Since the objective is to find a large value of Kt during the 1920s bull market, we might begin by examining the degree of persistence in the yt process. Ignoring the non-linearity in (10), persistence could be measured by the roots of the equation (1 − ρ1L − ρ2L2)(1 − βL) = 0 and, from Table III in Donaldson and Kamstra (1996), these roots are very close to unity (the dominant root is 1.02 using estimates over samples from 1899/1 up to 1919/12 and 1925/12). Consequently, although the analysis of the previous section had ln(1 + gt) rather than yt evolving as an AR(1) structure, we might expect that the result found there would still hold, i.e. the strong persistence has the potential for producing a large value of K. One of their simulations (reported in their Figure 4) effectively sets ϕ = 0.97 and such an outcome can indeed be observed. Of course, this was Barsky and de Long's point and the question which arose in comment on their paper was what the evidence was for such persistence in dividend growth. Yearly real dividend growth does not show any. Monthly dividends are harder to analyse owing to their seasonality and occasional very large spikes. Donaldson and Kamstra removed these effects by performing seasonal adjustment with the X-11 program followed by smoothing operations to eliminate spikes in the series to generate the values for yt. Thus there has to be a question mark over the origin of the persistence they find. It should also be noted that Donaldson and Kamstra maintain that the non-linearity and GARCH effects in (10) are very important to getting a large enough Kt. We find it hard to evaluate this argument since they compute Kt by simulation methods and so it is necessary to assume that all moments of this random variable exist, and this is problematic with GARCH structures.

Instead, we turn to another way of looking at the issue of whether the 1920s can be explained by fundamentals, asking whether a particular model is capable of generating outcomes such as occurred at that period in time, i.e. rather than focusing upon the average B&B market characteristics as in earlier sections we look at the likelihood of extreme movements being generated by a particular model. Let us concentrate first on bull markets. Because we have a method for demarcating the periods of a bull market it is possible for us to simulate from a given process for equity prices and then determine whether any observed movement in a bull market is likely to have come from the assumed process. The computation is like that used in value at risk analysis.

A number of questions might then be asked. First, was the amplitude and the duration of the 1920s bull market unusual? Second, was the particular conjunction of those two characteristics observed at that time unusual? Essentially this analysis asks whether it was possible for there to be a sequence of dividend outcomes and a realization of Kt which supports a bull market defined with a specific amplitude and duration. It differs from Donaldson and Kamstra's work in that it does not directly address whether the actual dividends and likely value of Kt during the 1920s were such as to produce the necessary outcome for Kt.

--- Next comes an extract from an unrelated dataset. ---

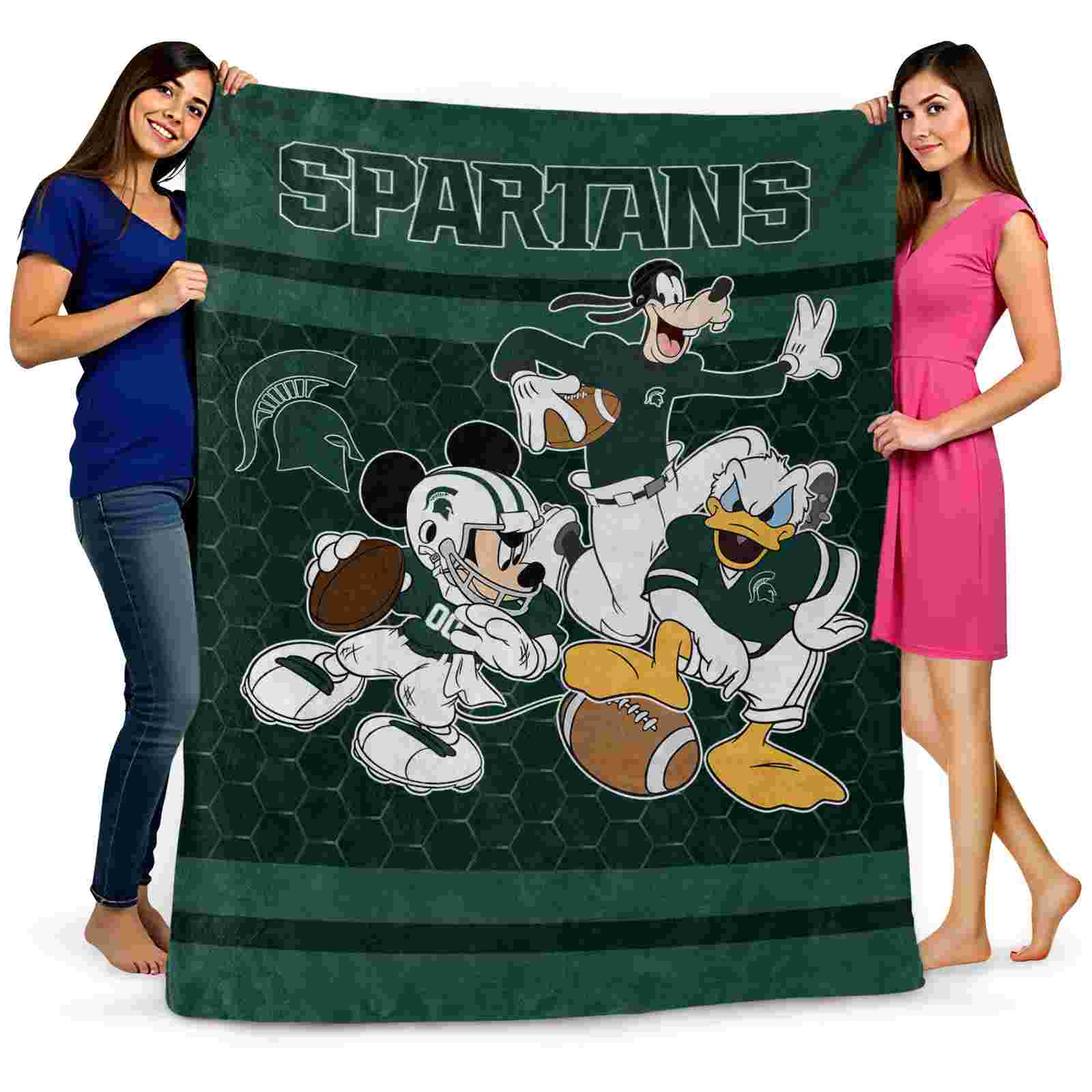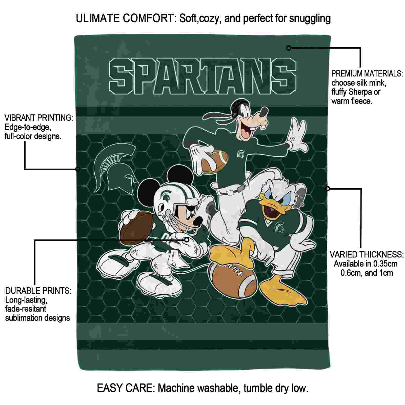 Without a doubt, the Michigan State Spartans Three Musketeers Green Blanket from Michigan State Spartans Blankets collection is offering true fans a chance to showcase passion in a cool way. Personalize it with your favorite team’s logo or a meaningful name to make it uniquely yours. Isn’t that great? The full-color print ensures vibrant, edge-to-edge designs, bringing your sports enthusiasm to life!

To examine the first of these questions we select a model to simulate from and then summarize the history of amplitudes and durations of bull and bear markets from a long simulation. We have produced 3000 bull and bear markets in this way by simulating a random walk model with the µ and σ values from 1835/1 to 1997/5. Figure 3 cross-plots the amplitudes against the durations of the bull markets; also marked on this graph is the 1920s configuration.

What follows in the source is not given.